2. La situation financière des entreprises :
Une hausse de la demande ne suffit pas si une entreprise n’a pas les moyens financiers d’investir dans de bonnes conditions (cad qui ne menacent
pas son existence future)
- si l’entreprise a les capacités d’autofinancer son investissement, la décision d’investir sera plus facile à prendre ; la forte baisse du taux de marge
des entreprises françaises entre 1973 et 1985 s’est traduite par une nette diminution du taux d’investissement, d’autant plus que, sur cette période,
les taux d’intérêt réels avaient fortement augmenté, ne facilitant pas un financement de l’investissement par l’emprunt (effet de levier négatif)
- si l’entreprise est endettée, la priorité sera donnée au désendettement plutôt qu’à l’investissement (cas au début des années 90), d’autant plus si les
taux d’intérêt réels sont élevés, incitant alors les entreprises à des placements financiers (profits plus rapides et moins risqués que par
l’investissement).
B) Même si la demande se ralentit, il peut y avoir quand même investissement car certains investissements ne sont
pas liés aux variations de la demande.
1. au niveau national,
- Les investissements de productivité répondent à un objectif de compression des coûts :si le coût du travail augmente par rapport à celui du capital,
la tentation est grande de substituer du capital au travail pour diminuer les coûts de production. (doc 1)
- Les investissements immatériels ne sont pas liés directement à l’évolution de la demande mais davantage au progrès technique et à la nécessité de
gagner des marchés dans un contexte de concurrence accrue (part de l’investissement matériel dans l’investissement total diminue tandis que celle
de l’investissement immatériel augmente) (doc 2 et 4)
- Les investissements publics réalisés par les administrations répondent à d’autres motivations aussi bien économiques, sociales que politiques (doc
2) 2. développement des IDE
L’augmentation de la concurrence du fait de la mondialisation incite les entreprises à réorganiser la production dans le cadre de cette mondialisation
pour réduire les coûts de production (main d’œuvre ou matières premières meilleur marché, économies d’échelle). => le développement des IDE
n’est pas déterminé par celui de la demande mais vise à l’encourager.
Incontestablement et dans une large mesure, l’évolution de l’investissement dépend de la demande anticipée.
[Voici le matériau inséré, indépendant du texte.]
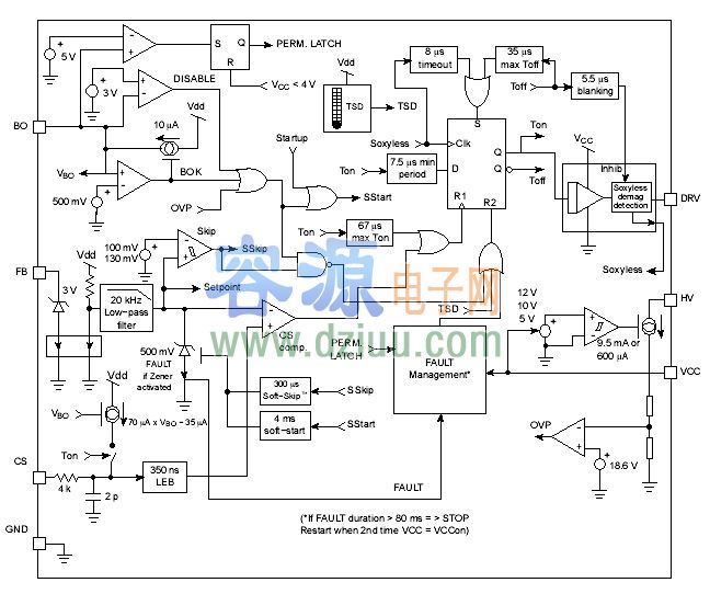 下面在為大家提供NCP1337P內(nèi)部電路圖   <<版權(quán)聲明:本文由容源電子網(wǎng)(www.6600560.cn)整理提供,部分內(nèi)容來源于網(wǎng)絡(luò),如有侵犯到你的權(quán)利請與我們聯(lián)系更正!

Mais il faut aussi que
certaines conditions soient réunies comme par exemple l’absence de capacités de production inutilisées. Dans la pratique, on voit souvent coexister
une demande soutenue sans reprise de l’investissement et à l’inverse une poussée de l’investissement avec une croissance molle. L’investissement
dépend donc d’une multitude de facteurs et pas seulement de la demande.